Data Plane Elasticity on Amazon EKS 1.29: Pod Autoscaling with VPA

February 5, 2024

9 min read

Claudio Acquaviva

Principal Architect, Kong

In this series of posts, we will look closely at how Kong Konnect Data Planes can take advantage of Autoscalers running on Amazon Elastic Kubernetes Services (EKS) 1.29 to support the throughput the demands API consumers impose on it at the lowest cost. The series comprises four parts:

Introduction

One of the primary drivers for companies to migrate their infrastructure to the cloud is elasticity, the ability to dynamically scale, up and down, compute and container resources according to their business needs. The "Overview of Amazon Web Services" whitepaper outlines the advantages of cloud computing related to it: variable expense and no more capacity guessing.

In summary, companies can reduce their costs with the "pay-as-you-go" model provided by cloud elasticity.

It's important to clarify some fundamental concepts. Given an application, in order to support different workloads, basically, we have two main options:

Vertical scalability (scale up/down): you are adding or subtracting hardware resources (memory, CPU, storage) to/from your application.
Horizontal scalability (scale out/in): you are adding or subtracting more nodes or servers and distributing the workload across them.

Elasticity goes beyond that. It provides the capacity to automatically provision and deprovision hardware resources based on demand. In other words, you will be able to vertically scale up/down or horizontally scale in/out your applications in an automatic way. This is also called "autoscaling."

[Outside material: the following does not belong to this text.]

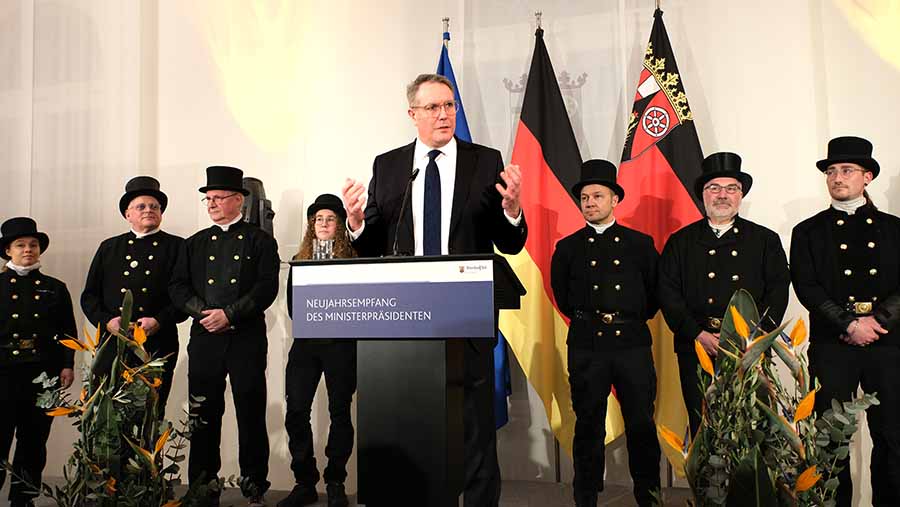 Auch in Krisenzeiten den Mut nicht zu verlieren, sondern auf die gemeinsamen Stärken zu setzen, war der Tenor des diesjährigen traditionellen Neujahrsempfangs am 8. Januar 2026 in der rheinland-pfälzischen Staatskanzlei. Trotz des winterlichen Wetters waren aus allen Teilen Rheinland-Pfalz’ rund 300 Gäste aus Politik, Wirtschaft, Wissenschaft, Kultur und Zivilgesellschaft der Einladung von Ministerpräsident Alexander Schweitzer, seiner Frau Barbara sowie den Mitgliedern des Kabinetts gefolgt. Für kleine Glücksmomente sorgten Schornsteinfegerinnen und Schornsteinfeger, die die Gäste bereits im Foyer mit jeweils einem kleinen traditionellen Glücksbringer begrüßten. Dort präsentierten sich auch an einem Infostand Vertreterinnen und Vertreter des Kultursommers Rheinland-Pfalz 2026 mit dem Motto „Die Goldenen Zwanziger“.

Autoscaling and Kubernetes

Autoscaling is one of the most compelling features of the Kubernetes platform. Basically, it is available in two different perspectives:

1. Pod Autoscaling

Pod Vertical Scalability with VPA (Vertical Pod Autoscaler): it increases and decreases the CPU and memory allocation for your Pods.
Pod Horizontal Scalability with HPA (Horizontal Pod Autoscaler): it adds and subtracts the number of Pods of a given Kubernetes Deployment.

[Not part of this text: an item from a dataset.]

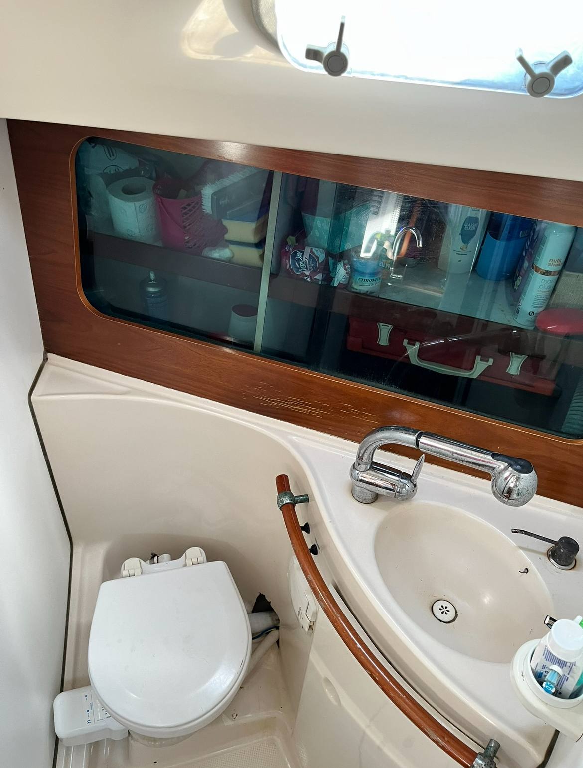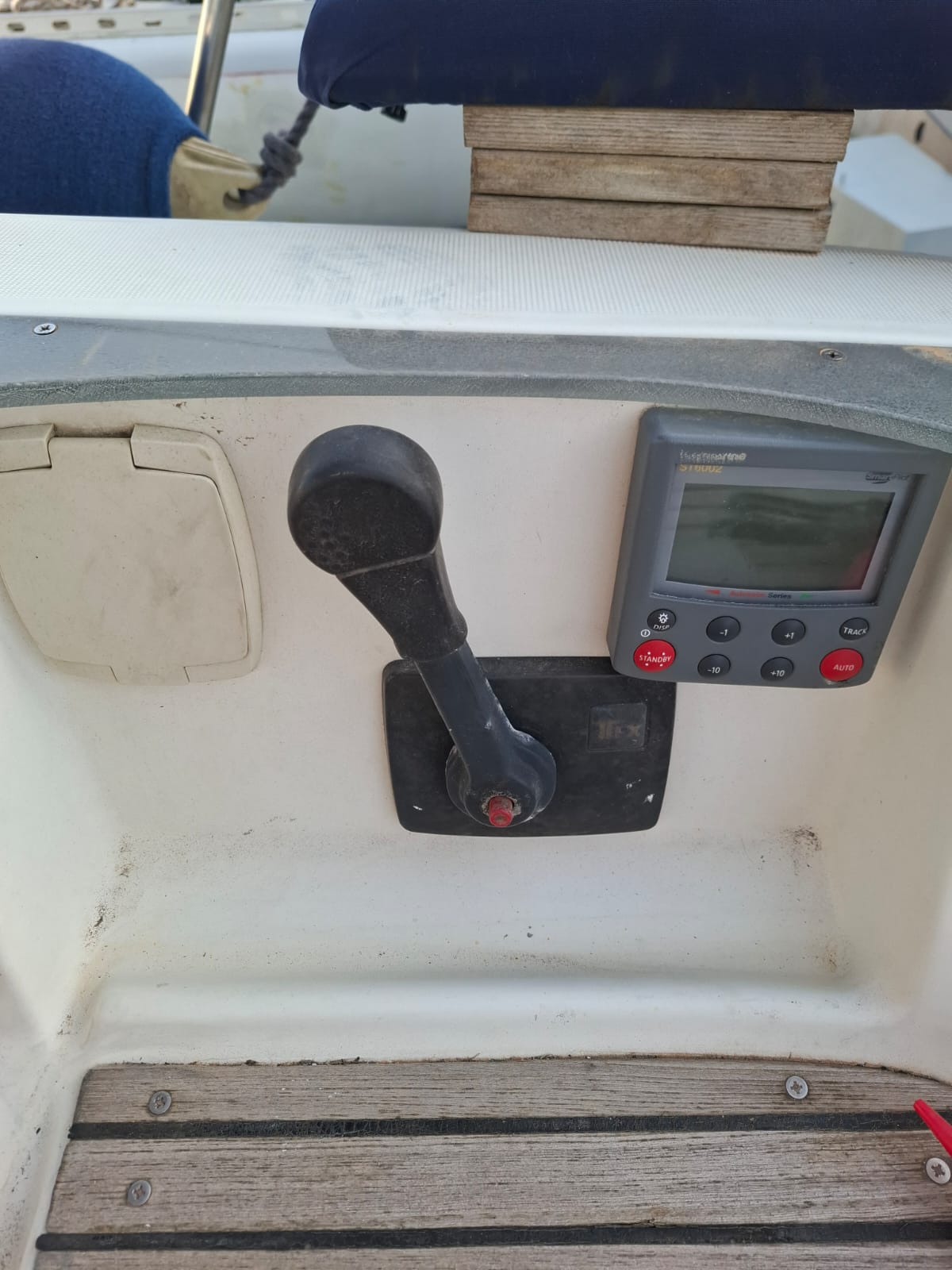 The boat is outfitted with essential modern equipment and thoughtful onboard amenities. The yacht includes comprehensive navigation tools such as a fixed VHF radio, GPS, autopilot, and a Raymarine ST40 echo sounder.

The following diagram shows both Vertical and Horizontal mechanisms. Note that, they work with a single Node since they are Pod Autoscaling options.

2. Cluster Scalability

Also called Node Autoscaling, this adds and subtracts Kubernetes Nodes of your Cluster. lt can be achieved with two different autoscalers:

Cluster Autoscaler (CAS) is a Kubernetes-native tool that adds or removes Nodes, based on pending Pods and Node usage metrics. Cluster Autoscaler lacks the capacity to provision Nodes based on the requirements a Pod requests to run. It just identifies an unscheduled Pod and replicates an existing Node from the NodeGroup with identical specifications. It relies on EC2 and Auto Scaling Groups (ASG)
Karpenter is an open source node provisioning project built for Kubernetes. Differently from CAS, Karpenter doesn't manage NodeGroups, instantiating EC2s directly and adding them as regular group-less Nodes. The main benefit is that it chooses the right Instance Type to support the required throughput. It can also consolidate multiple Nodes into larger ones.

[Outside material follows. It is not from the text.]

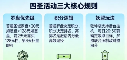 1、四圣活动的核心产出是珍稀红内丹和内丹相关道具,对于尚未开放内丹系统的新区,建议减少投入;本次活动还叠加了累充福利,大家在充值前可以先明确优先级。

The following diagram compares the two Cluster Scalability options. The main difference highlighted here is the capacity provided by Karpenter to choose Instant Types other than the original one created.

All these components are maintained by the Kubernetes Autoscaling Special Interest Group (SIG).

Konnect Data Plane and Autoscaling

Kong Konnect is an API lifecycle management platform delivered as a service. The Management Plane, also called the Control Plane, is hosted in the cloud by Kong, while the Gateway nodes, called Data Planes, are deployed in your environments.

The Control Plane enables customers to securely execute API management activities such as create API routes, define services, etc. Runtime environments connect with the management plane using mutual transport layer authentication (mTLS), receive the updates and take customer-facing API traffic.

The diagram below illustrates the architecture:

This blog post describes basic Konnect Data Planes deployments on an Amazon EKS 1.29 Cluster, taking advantage of these 4 different autoscaling technologies.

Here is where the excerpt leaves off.